### Exercise data
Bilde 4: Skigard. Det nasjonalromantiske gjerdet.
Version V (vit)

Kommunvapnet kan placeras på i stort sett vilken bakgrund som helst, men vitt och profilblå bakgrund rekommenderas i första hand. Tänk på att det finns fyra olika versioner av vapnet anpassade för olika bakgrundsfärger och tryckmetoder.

--

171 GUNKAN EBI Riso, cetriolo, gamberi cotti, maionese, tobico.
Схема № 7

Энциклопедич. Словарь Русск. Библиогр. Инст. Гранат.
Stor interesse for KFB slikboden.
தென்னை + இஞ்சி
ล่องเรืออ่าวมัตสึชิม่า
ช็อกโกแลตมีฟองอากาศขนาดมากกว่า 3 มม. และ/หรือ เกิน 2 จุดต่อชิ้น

==

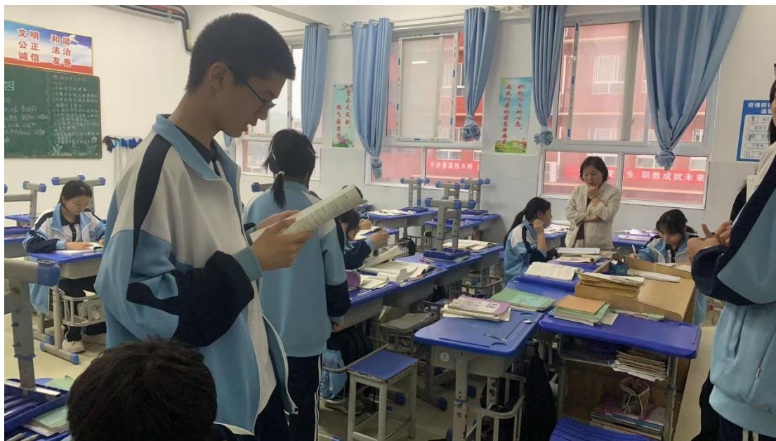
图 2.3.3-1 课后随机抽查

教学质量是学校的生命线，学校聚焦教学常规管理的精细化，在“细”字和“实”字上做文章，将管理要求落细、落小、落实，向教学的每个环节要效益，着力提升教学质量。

### Aim of the exercise
In the material above, locate the line containing "தென்னை + இஞ்சி" and the line containing "ช็อกโกแลตมีฟองอากาศขนาดมากกว่า 3 มม.". Transcribe exactly those two lines and every line between them, and nothing more.

### Output for this task
தென்னை + இஞ்சி
ล่องเรืออ่าวมัตสึชิม่า
ช็อกโกแลตมีฟองอากาศขนาดมากกว่า 3 มม. และ/หรือ เกิน 2 จุดต่อชิ้น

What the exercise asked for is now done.